This shift means the mindset becomes tendering with purpose built systems tailored to the tender lifecycle. Unlike generic AI, these proprietary and secure platforms are optimised to enhance efficiency while keeping human insight at the centre of the process.

Nailing this reframe, moving from AI as a generic tool to a strategic asset, is critical to securing organisational alignment, overcoming security hesitations and unlocking a lasting competitive edge.


Building the Cultural Foundation: Four Leadership Shifts

Successfully integrating AI into the tender process requires a top-down commitment to cultural change:

  1. Address Fears

A common concern with AI is job replacement. But leaders must be clear, employees who use AI aren't replaced; those who don't fall behind. This is simply because of the advantages that come with workload optimisation.

  1. Purposeful Integration

To build trust for AI integration:

  • Provide comprehensive, hands-on training and support.
  • Choose enterprise-grade tools with proper security and governance.
  • Implement closed systems, not public AI platforms, to protect IP.
  1. Start with Problems, Not Technology

Don't just push a tool; solve a frustration.

  • Ask your team: "What repetitive work prevents you from adding strategic value?"
  • Rather than: "How can we use AI?"

This approach surfaces real needs and builds immediate buy-in from the Bid Managers and Tendering Professionals who will actually use the tools.

Instead of debating whether AI is needed to "automate writing,". It may be useful for leaders to first assess the tender process to identify areas of maximum lag to clearly define where performance bottlenecks exist and what value is being left on the table. This makes the use case for an optimised system immediately clear.

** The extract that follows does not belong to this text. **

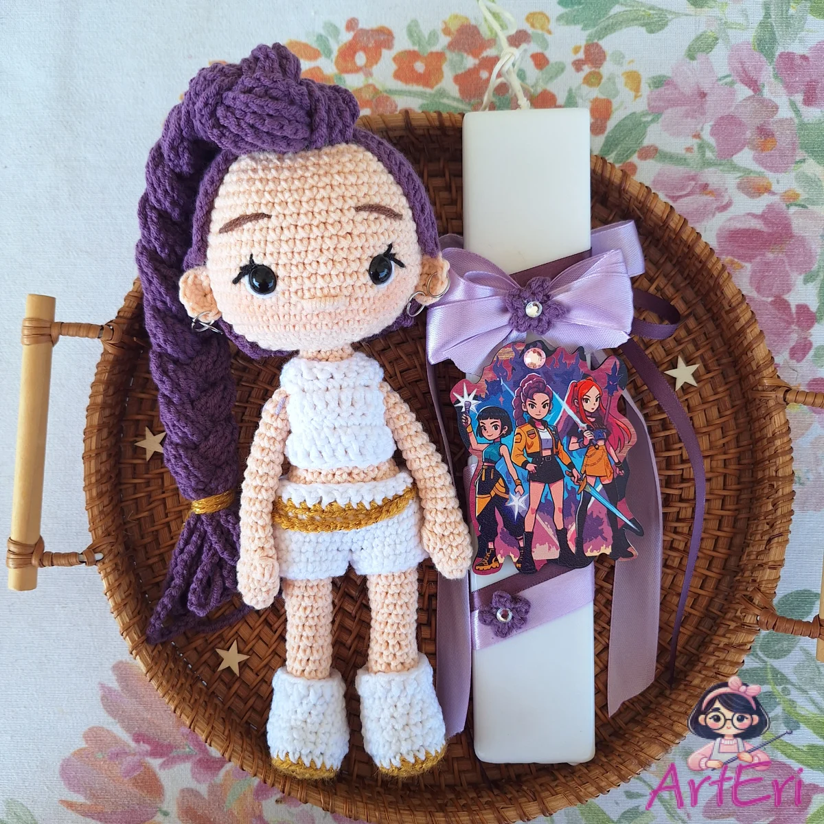 Χειροποίητη πλεκτή κούκλα Ρούμι με τα λευκ της ρούχα που βγαίνουν και συνοδεύεται από λαμπάδα αρωματική πλακέ λευκ στολισμένη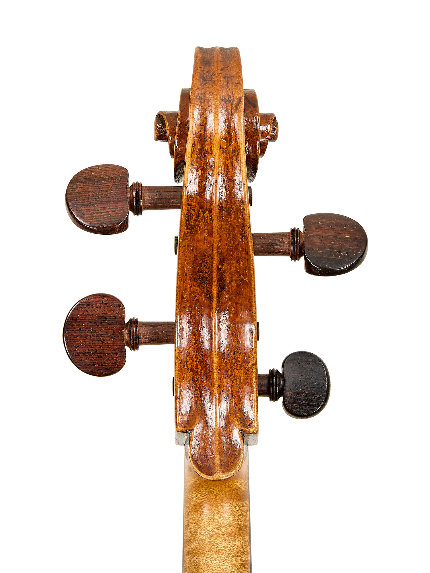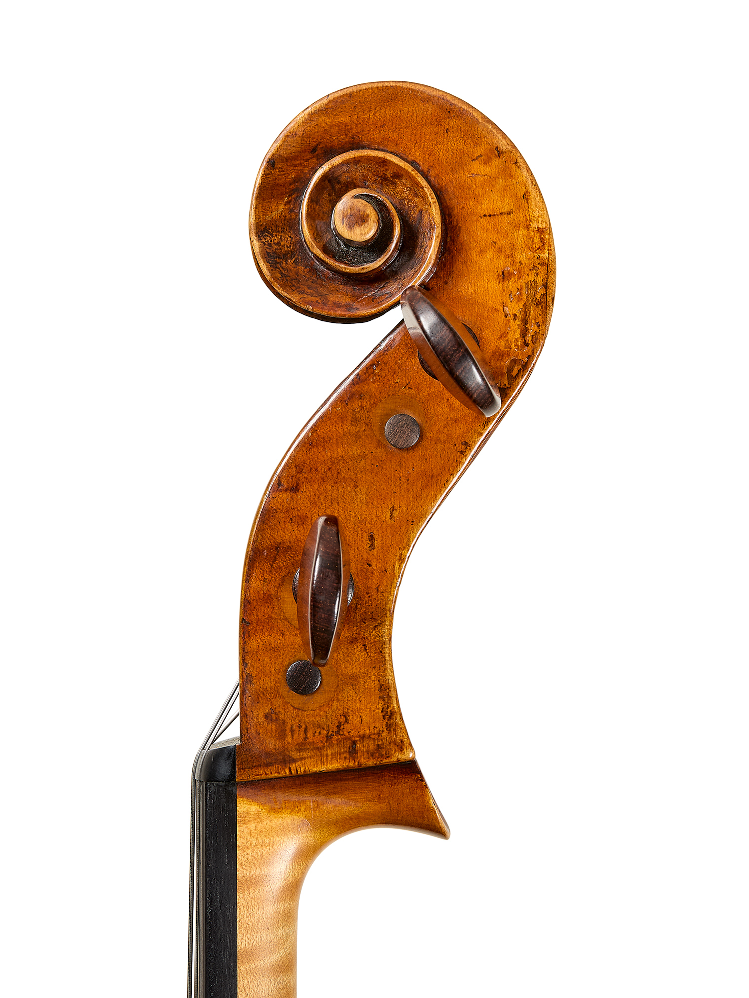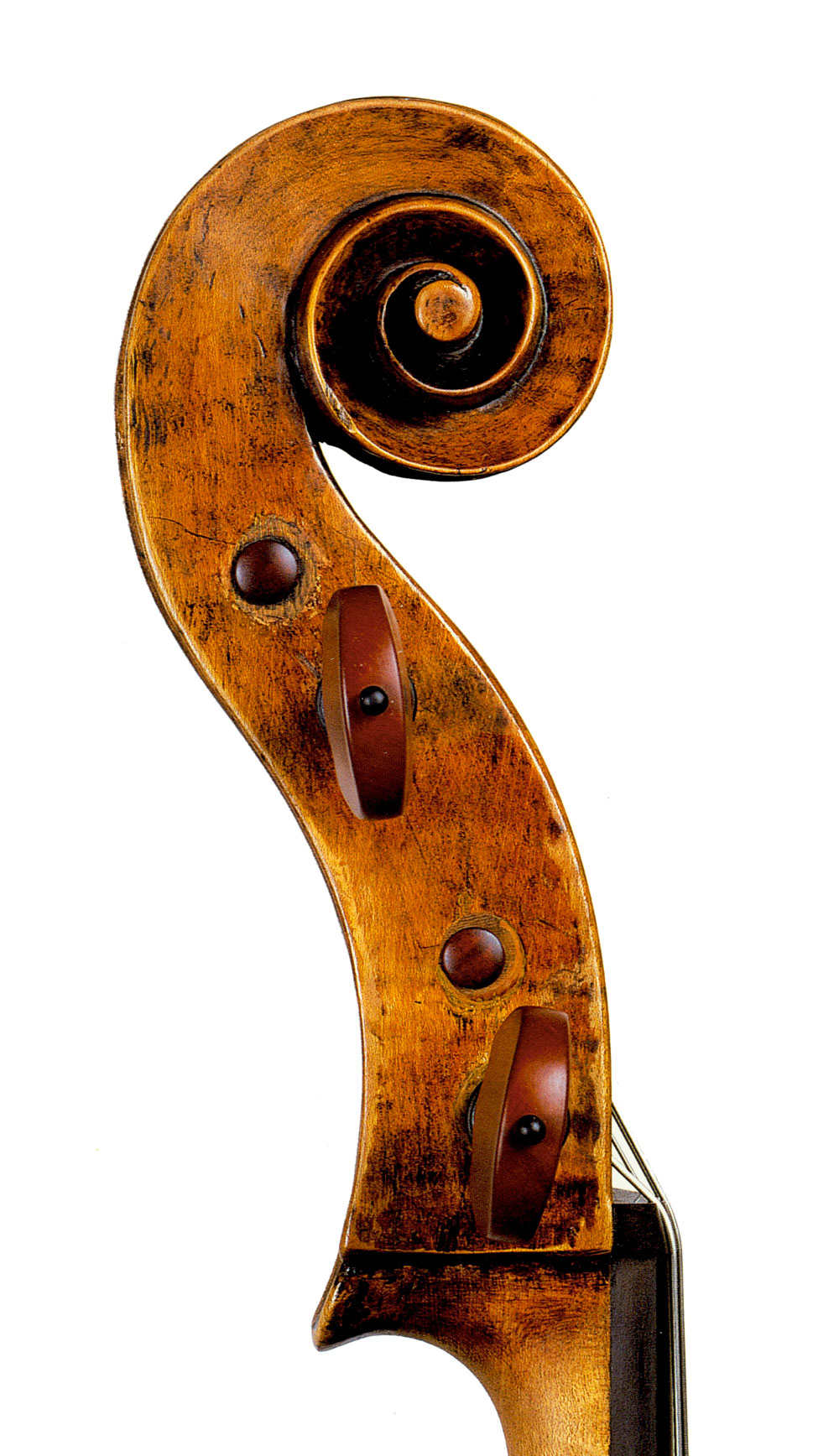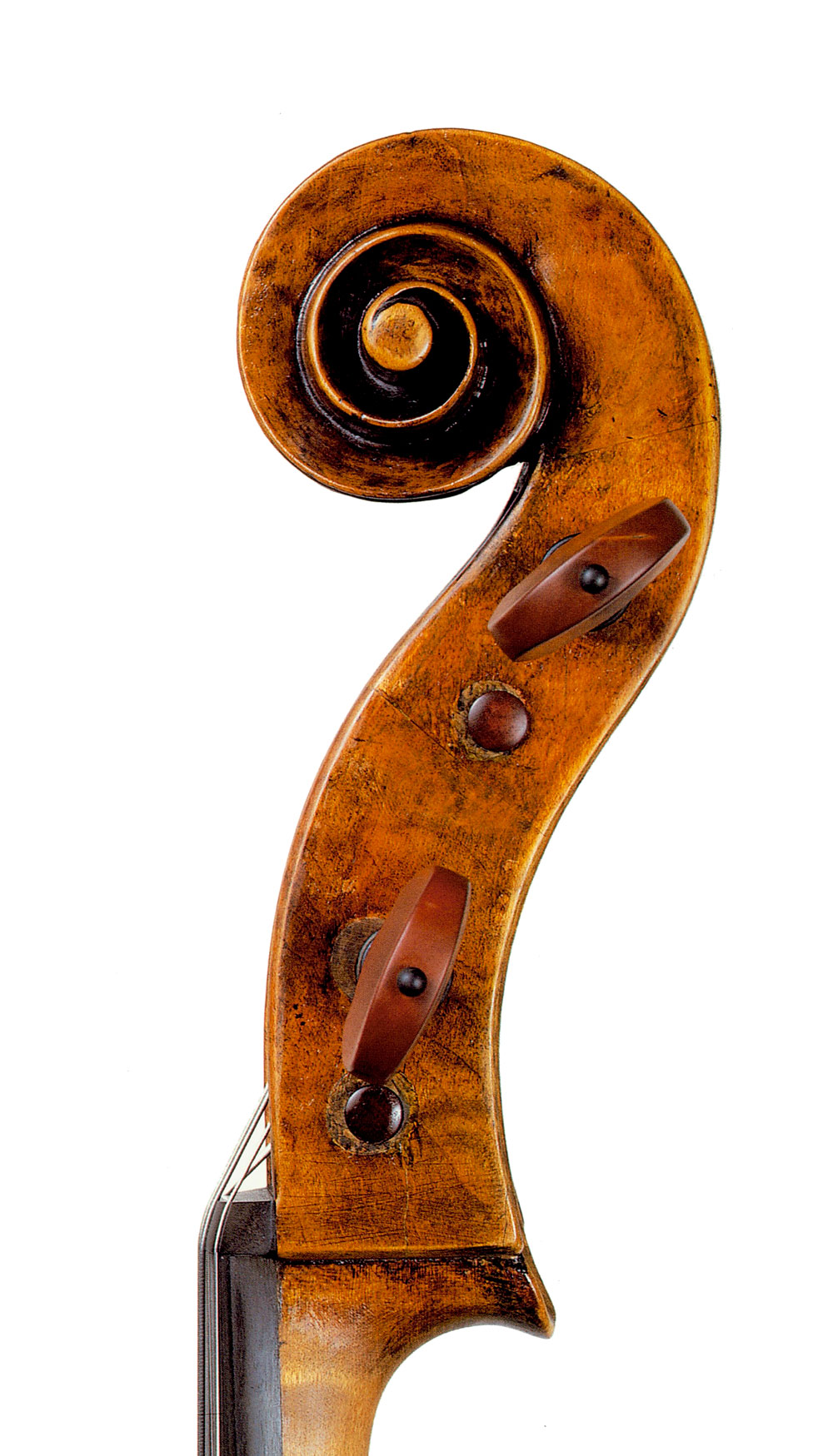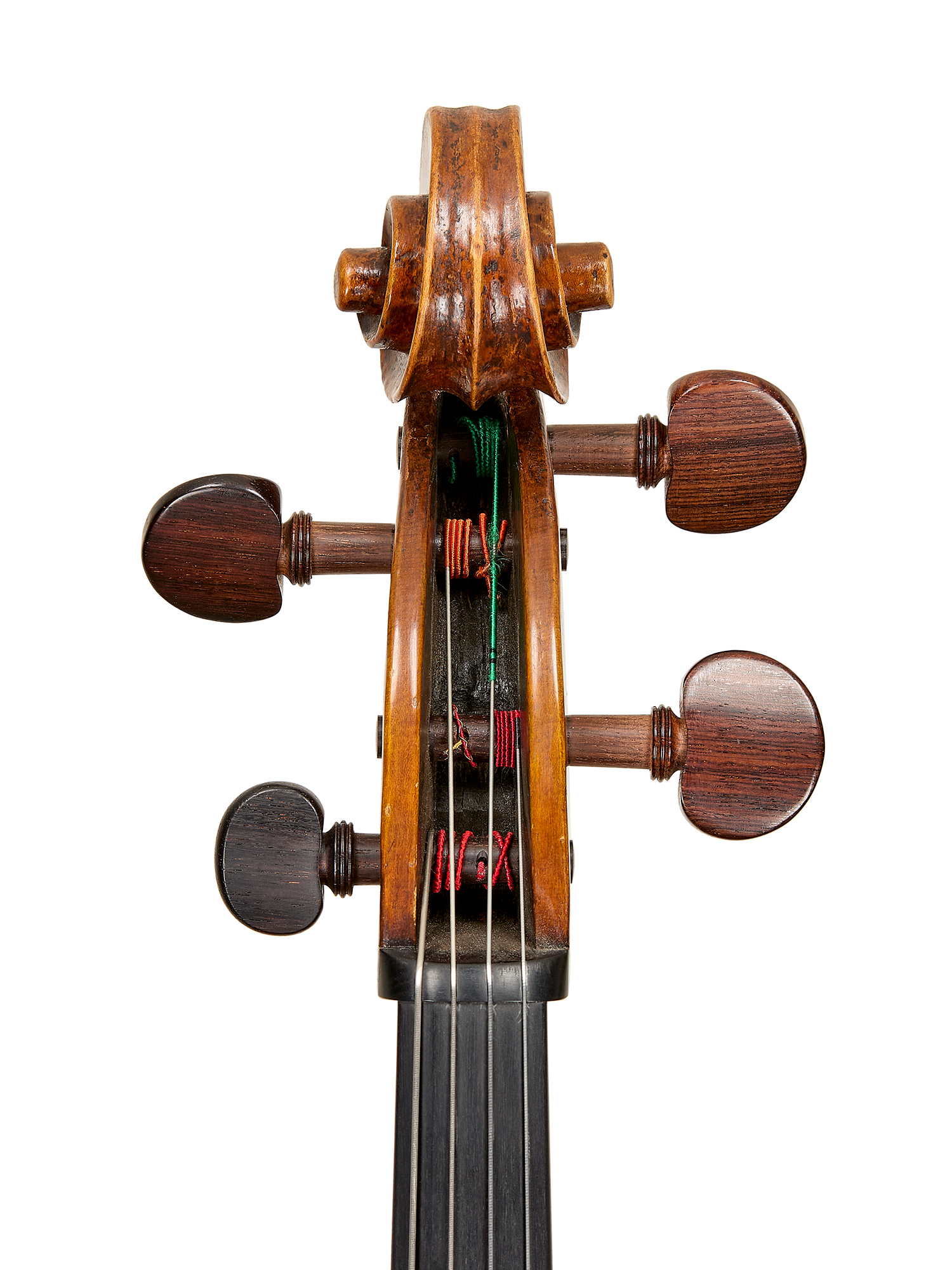 Storioni’s soundholes and scrolls are highly distinctive. As we see in this example, the soundholes are often set at a steep incline flowing gracefully into the arching and not stiff or overly symmetrical. The heads feature a long, extended pegbox with pairs of “grouped” peg holes. In a cello, the A and C pegs are grouped together, as are those of the D and G. Storioni scrolls are generally oversized with a deeply cut volute whose final turn extends beyond the usual terminus. The edges are finished with a fine chamfer but otherwise not much attempt is made to clean up toolmarks.

4. Position AI as Essential Infrastructure

Like CRM systems enhanced (rather than replaced) salespeople, AI-powered tender tools make writers more strategic. They are infrastructure for efficiency, not substitutes for expertise.


The Competitive Reality

While some organisations debate whether to "allow" AI, forward-thinking organisations are already deploying these systems to gain a competitive edge:

  • Respond to more opportunities without growing headcount.
  • Reduce burnout and retain top talent
  • Redirect human expertise toward relationship-building and strategy.
  • Build institutional knowledge that improves with each bid.

Summary

The cultural shift required isn't about forcing technology adoption. It's about recognising that tendering excellence increasingly depends on systems that free humans to be more human and streamline the tasks that are contributing to systemic industry burnout.